In analyzing crime data in the city of Riobamba, we were able to detect, by an extensive preliminary search and inspection, which distance-based covariates were most influential and how they entered the prediction model. We highlighted some differences amongst the three types of datasets. For the general registries (dataset for 2010–2014), the minimum distances to surveillance cameras and parks were important because through the monitoring of these cameras, a criminal event was foreseen or taken for granted, and in places such as parks, there is a greater police protection, especially on weekends. For flagrant crimes (2015–2019), the relevant covariates were distances to squares, shopping malls, and supermarkets, and the population density, as having greater population movement contributed to the immediate warning and denunciation of criminal events. Finally, for the police records (2015–2017), distances to cameras and upc had a more representative influence because most of the victims go to the police in the first instance requesting help, regardless of whether the registered criminal event is legally reported or not. The estimation results showed a higher number of crimes in area 65, called San Alfonso, because in the period 2010–2014 the largest market in the city was located there. However, for registered flagrant crimes (2015–2019), we found more predicted cases in zones 37, 55, 76, and 141 (La Dolorosa, La Merced, La Station, and Tubasec, respectively) while for the police files (2015–2017) nine other zones were highlighted (see
Figure 14, 2015–2017). These results provide valuable information to governmental entities in charge of citizen security to optimize resources by improving planning, deployment of police units, or patrolling and random verification.

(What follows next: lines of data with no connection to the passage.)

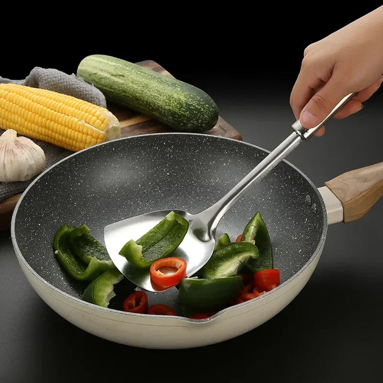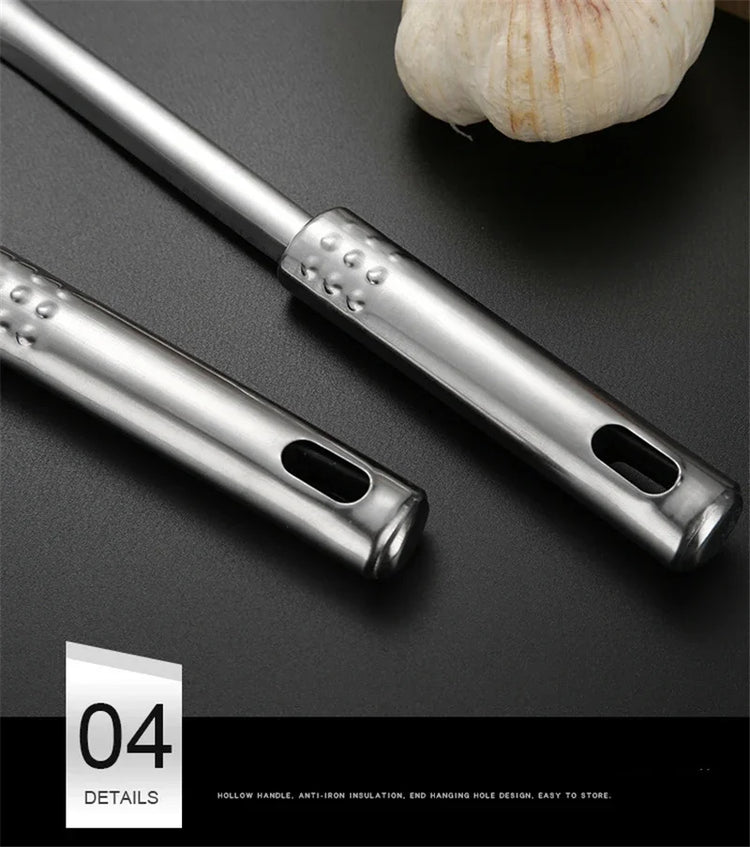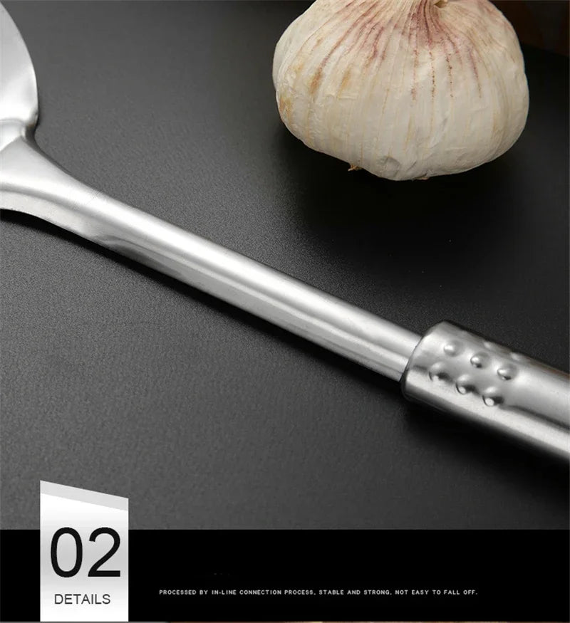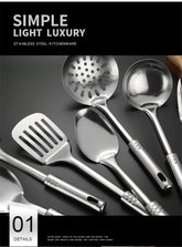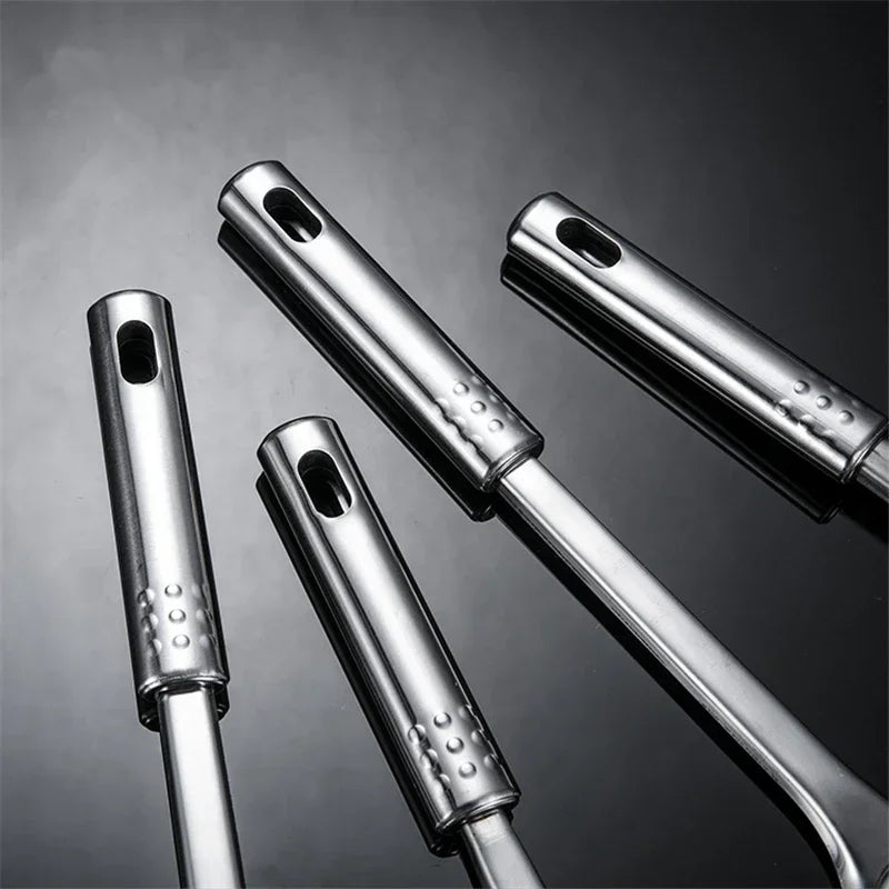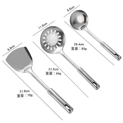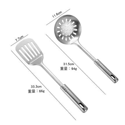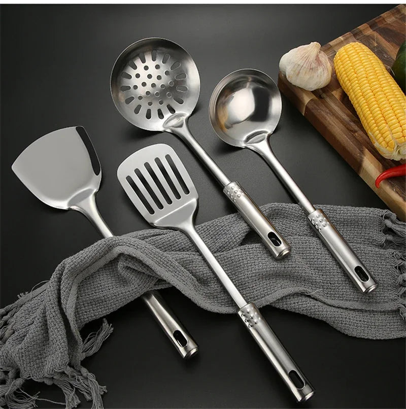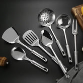 A stainless steel cooking set that includes spatulas, shovels, colanders, and soup spoons. Durable and stylish, it’s perfect for everyday cooking and complements any modern kitchen.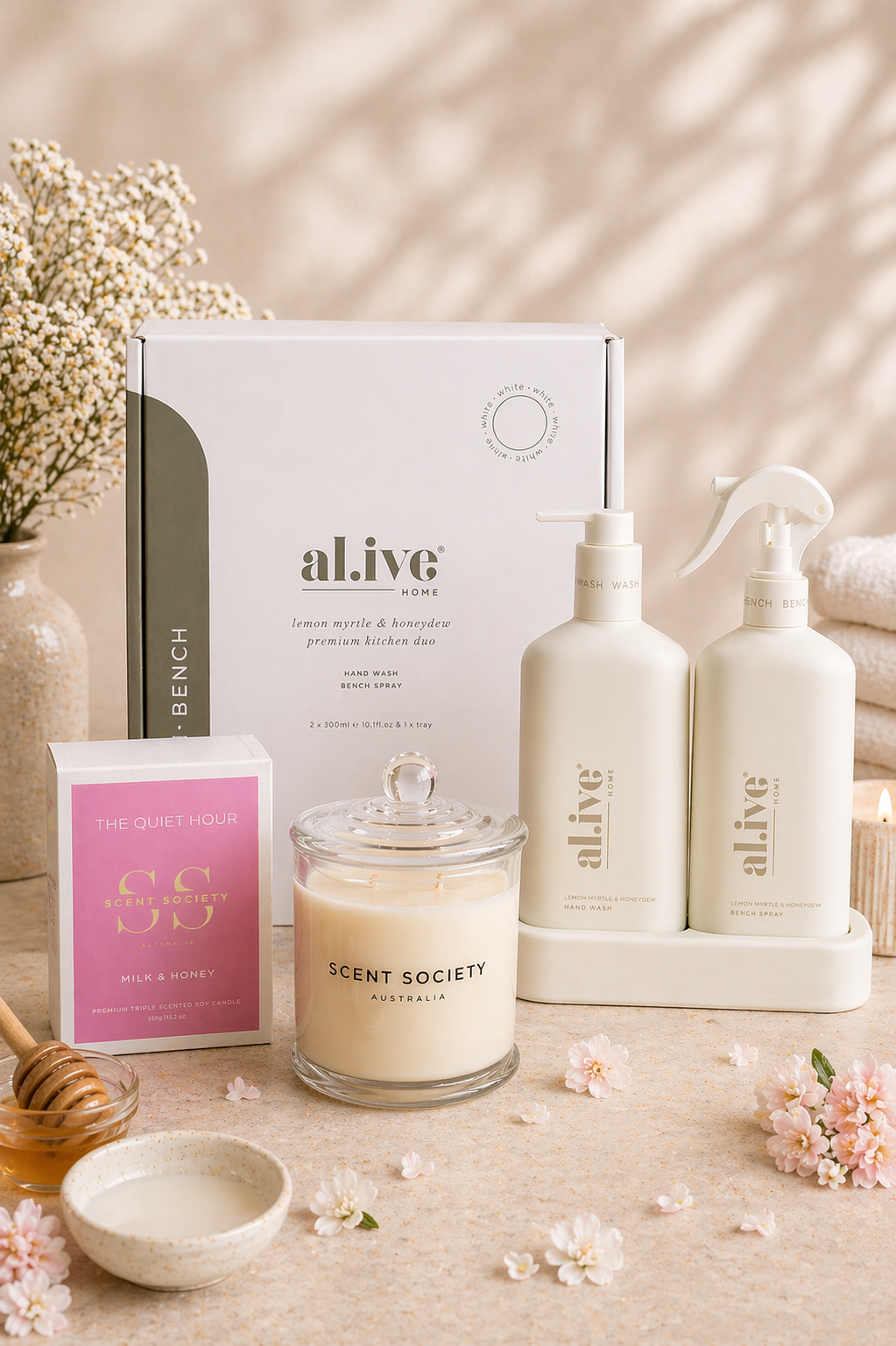 The Quiet Hour (Milk & Honey) + al.ive Kitchen duo (Lemon Myrtle & Honeydew) gift set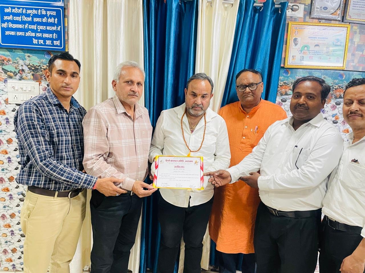 हरिद्वार।  चरक सहितां प्राचीन भारतीय चिकित्सा का मूल आधार है।जिसमें सभी असाध्य रोगों का निदान समाहित है। आज भारत ही नही समूची दुनिया प्राचीन भारतीय आयुर्वेदिक पद्वति व हिंदी भाषा के प्रति आकर्षित हो उसे तेजी से अपना रही है। यह विचार नगर के जानेमाने नाडी वैद्य एम.आर.शर्मा ने हिंदी प्रोत्साहन समिति द्वारा गुरुकपा औषधालय मे सम्मानित किये जाने के अवसर पर व्यक्त किये।उन्होंने कहा की वह यह सम्मान हरिद्वार नगर की जनता को समर्पित करते है।उनका जीवन जनसेवा को समर्पित है।उन्होंने कहा की उनके पास आने वाले रोगियों मे बडी संख्या ग्रामीण परिवेश से आने वाले रोगियों की होती है।जिनसे वह हिंदी भाषा के माध्यम से सरल व साधारण भाषा मे संवाद कर उनके रोग का उपचार करते है। उन्होंने लोगों से अपने दैनिक जीवन मे अधिक से अधिक हिन्दी भाषा को अपनाने का अनुरोध किया।

Our data, although in the form of spatio-temporal coordinates, have some limitations. One is that the data provided by governmental entities do not have detailed information on the crime and the characteristics of the events. If they had some additional information, more complex models using mark information could have been used. Another aspect is that INEC (a governmental institution providing and making the data available) has as a minimum unit of study, the parishes, and does not keep statistics by district or by administrative division of the cities. This forced us to randomly disaggregate the data, causing crude approximations of the population.
Open ideas in the context of modeling crime data are many, but identifying crimes happening only in the network of streets in a city enhances the modeling task. In such a case, the Euclidean plane has to be substituted by the network support and this makes things different (see, for example, [
37]). We can also think of models for location predictions of the following serial crime using the next hit predictor (NHP) method which adopts the framework of specific self-exciting processes created to characterize the correlations between crimes committed by the same criminal (see [
38]).
We finally note that, in [
39], the authors studied, by simulation and under different scenarios, the information/complexity transfer from intensity realizations to generated point patterns in spatial log-Gaussian Cox processes. As further research under the model structure proposed in the present paper, we aim at investigating the use of information-complexity measures for assessment of the influential significance of random covariates, involved in the specification of the unobservable latent process, for the response observed patterns. This represents an important challenge due to the intrinsically complex nature of the self-excitation mechanism, and would be particularly useful for comparing different scenarios (type of crimes, urban specificities, etc.), as well as for identification of the relevant explanatory covariates.